Audience: This guide is a suitable starting place for anyone who is just beginning to use ClassifyR.

Purpose

ClassifyR is a modelling and evaluation framework for data sets which often have multiple kinds of measurements made on each individual, as is common in the field of bioinformatics. Despite its name, it also allows model building and evaluation of survival data. Unlike other more generic modelling frameworks, it has seamless integration with such a data set structure. Firstly, it allows the input of commonly-used data formats in the Bioconductor bioinformatics community such as MultiAssayExperiment and DataFrame. MultiAssayExperiment is a good way to store multiple assays on the same samples and DataFrame is ideal for storing mixed features (i.e. numerical and categorical), such as clinicopathological data, because it also allows metadata about the columns (features) to be stored.

Secondly, use of the modelling functions with one assay or multiple assays follows the same syntax for ease of use. The data conversion into a flat table required for a typical modelling function is handled internally. Similarly, whether a data set has one assay and requires a relatively simple analysis or has multiple assays and requires more complex evaluation of each assay or various methods of combining assays (e.g. concatenation, prevalidation) can both be similarly evaluated by ClassifyR.

Lastly, ClassifyR allows more than just evaluation of test set predictions in its evaluation.
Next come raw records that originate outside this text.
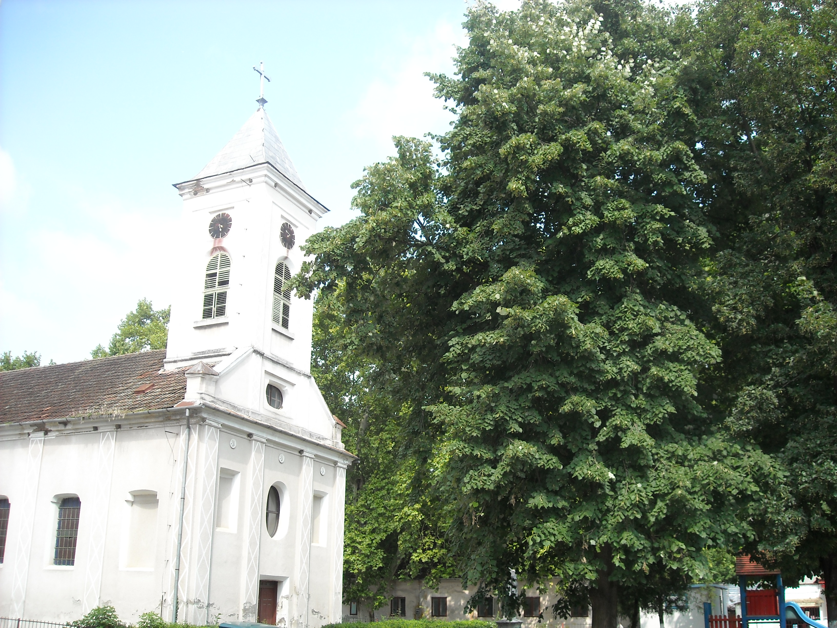 main place with Roman Catholic church in Săvârşin/Soborsin, Romania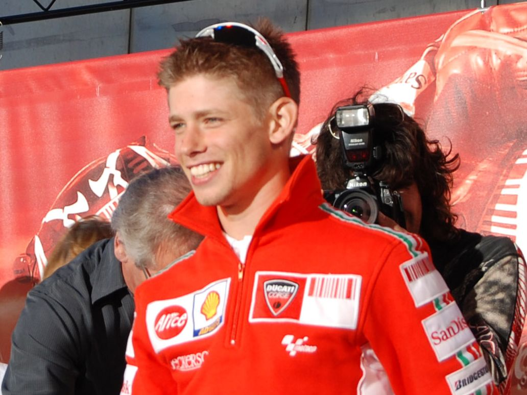 Casey Stoner, Phillip Island, 2007 This is cropped version. Original size is here.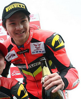 Chow Ho Wan celebrates his podium finish in the China Superbike Championship with a bottle of champagne.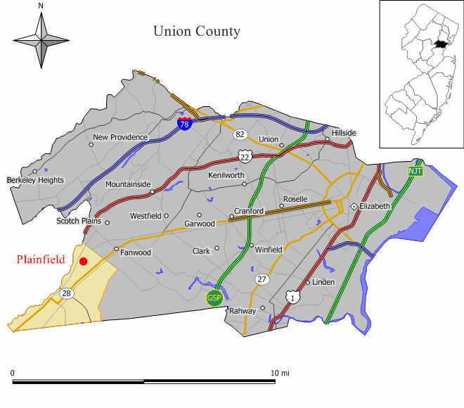 Source: Jim Irwin Original work by Jim Irwin, December 2005.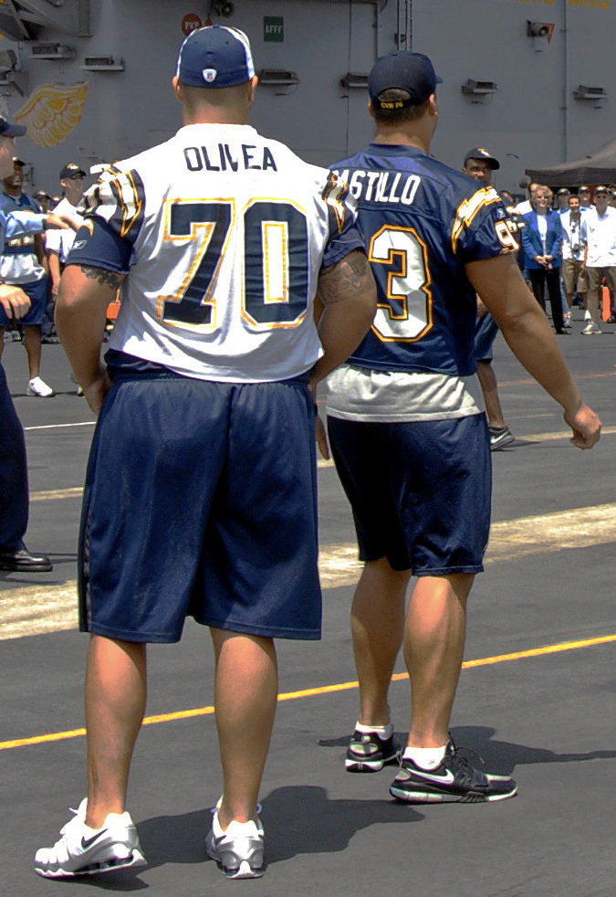 US Navy (USN) Capt. Terry Kraft (right), Commanding Officer (CO) of the USN Nimitz Class Aircraft Carrier USS RONALD REAGAN (CVN 76), throws a deep pass to one of his USN Sailors while they practice with members of the San Diego Chargers during their visit aboard his ship. U.S. Navy official photo by Mass Communication Specialist 3rd Class Marc Rockwell-Pate (RELEASED)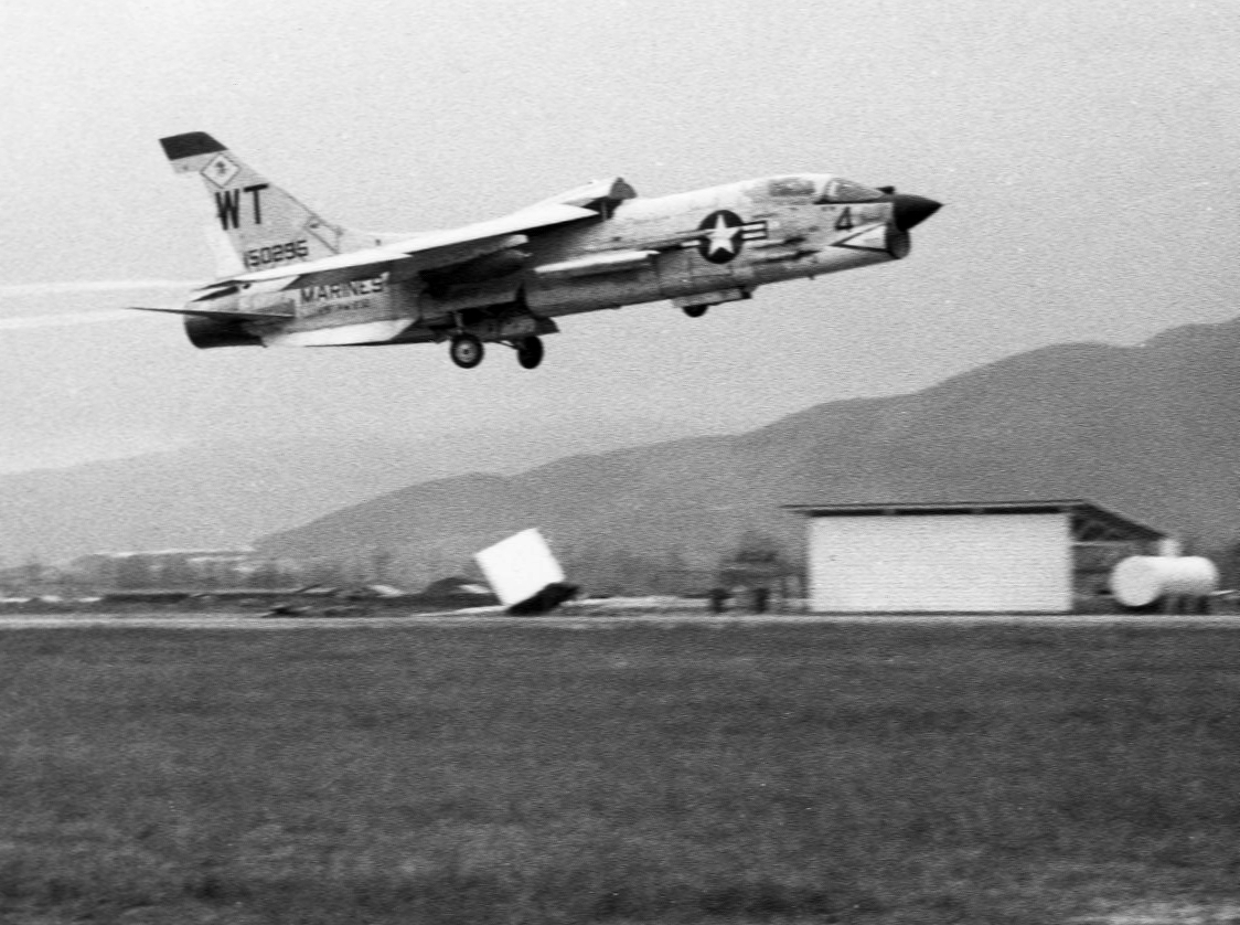 A U.S. Marine Corps Vought F-8E Crusader (BuNo 150295) of Marine All-Weather Fighter Squadron VMF(AW)-232 "Red Devils" taking off from DaNang, South Vietnam. It is armed with Zuni rockets and M117 340 kg bombs.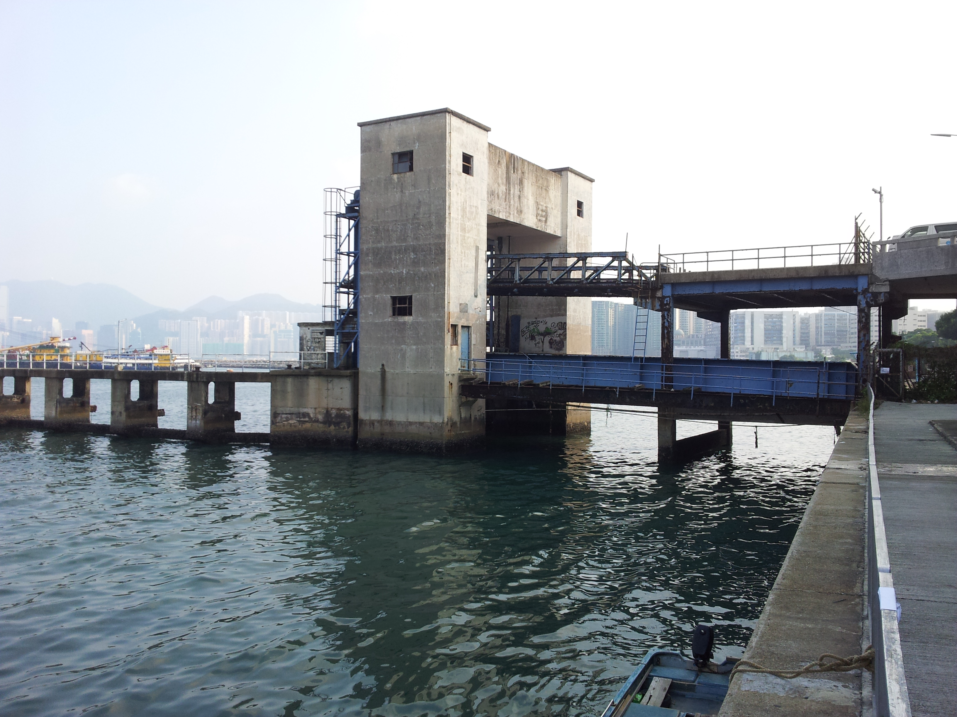 kowloon city pier abandoned car bridge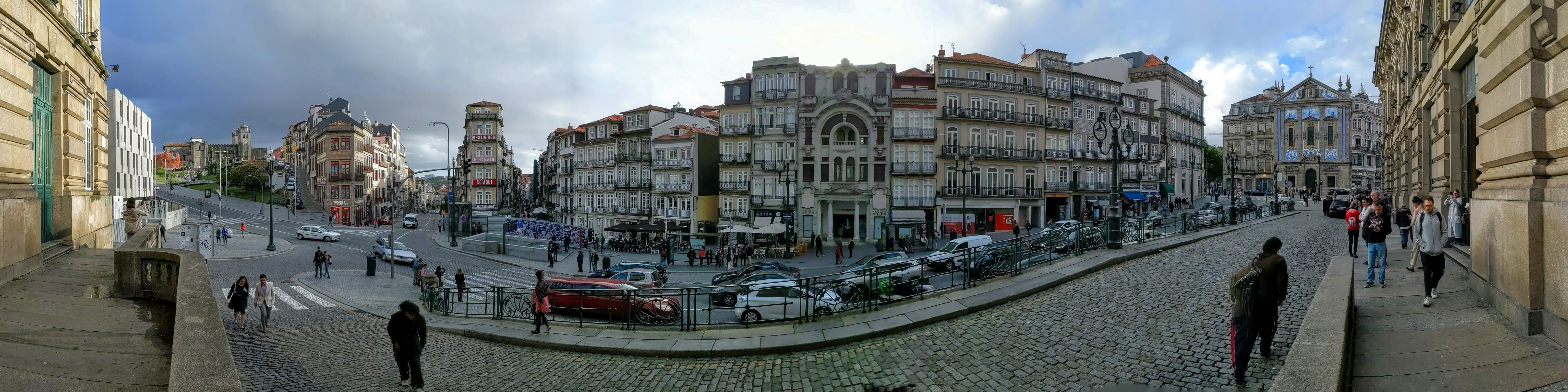 Panoramic view from the front of Porto Sao Bento station, showing many interesting ways one can go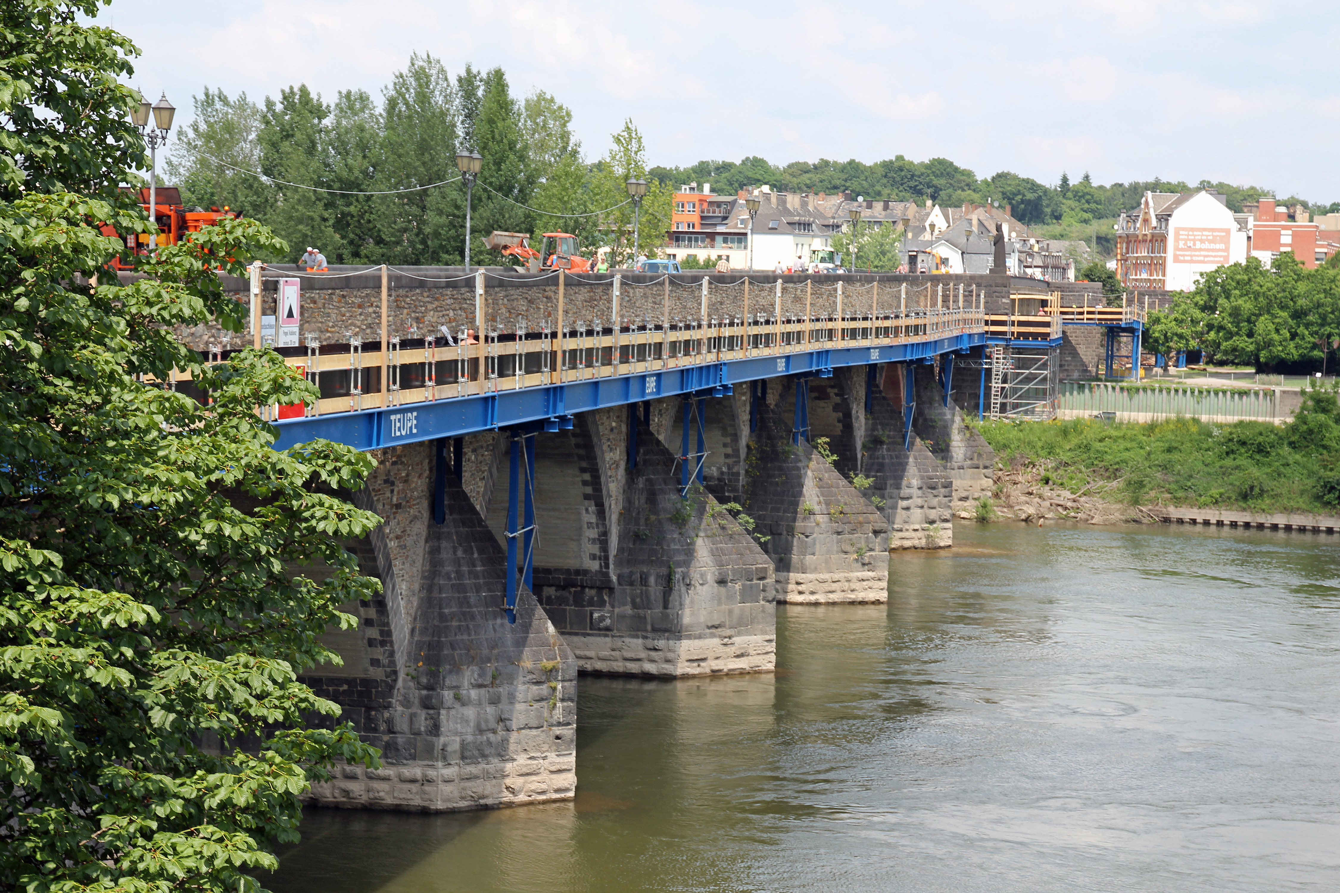 Balduinbrücke in Koblenz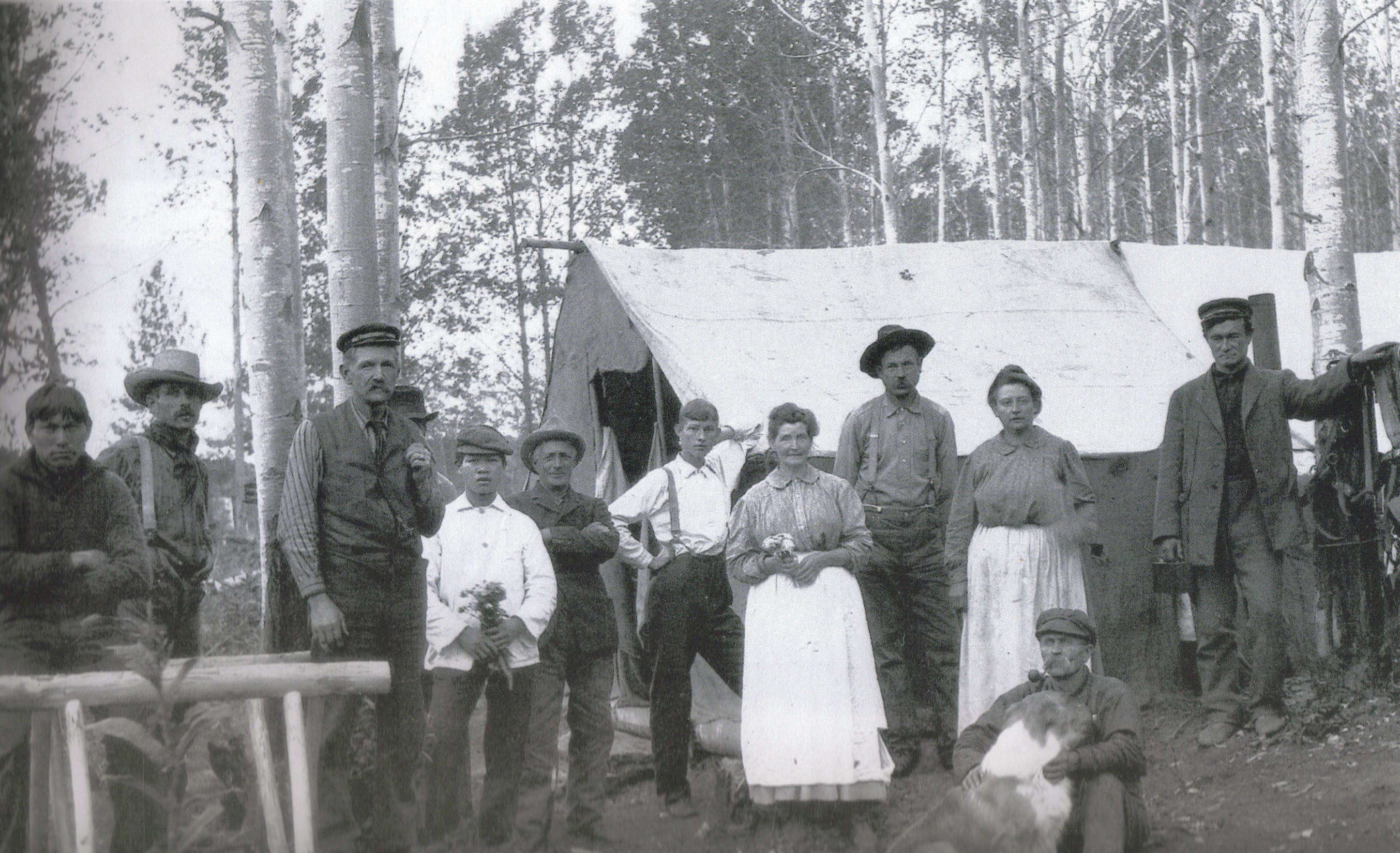 Captain John Bonser (third from left) near Nechako River. Photo taken July 29th, 1909.

A focus of the evaluation is stability and interpretability. An example of how each of these are addressed is feature selection stability over repeated cross-validation and sample-wise error rate calculation after cross-validation to help identify subsets of samples that are difficult to classify and suggest an interesting subgroup of individuals.

`crossValidate` and `runTests`: Two Ways to Perform Cross-Validation

Two functions are provided to enable running of cross-validation. In most cases, crossValidate is recommended. It provides an easier interface with a limited number of options that are specified as simple parameters whereas runTests expects the user to create S4 parameter set objects using classes such as TrainParams and PredictParams. For example, crossValidate offers only repeat-and-fold and leave-one-out cross-validation whereas runTests additionally offers leave-k-out and Monte Carlo cross-validation. Also, crossValidate is designed for multi-view data set evaluation whereas runTests has limited support for such data, only concatenating different assays into a table. One other key difference is that crossValidate uses a prespecified range of performance tuning values whereas runTests expects tuning parameters to be specified by the user.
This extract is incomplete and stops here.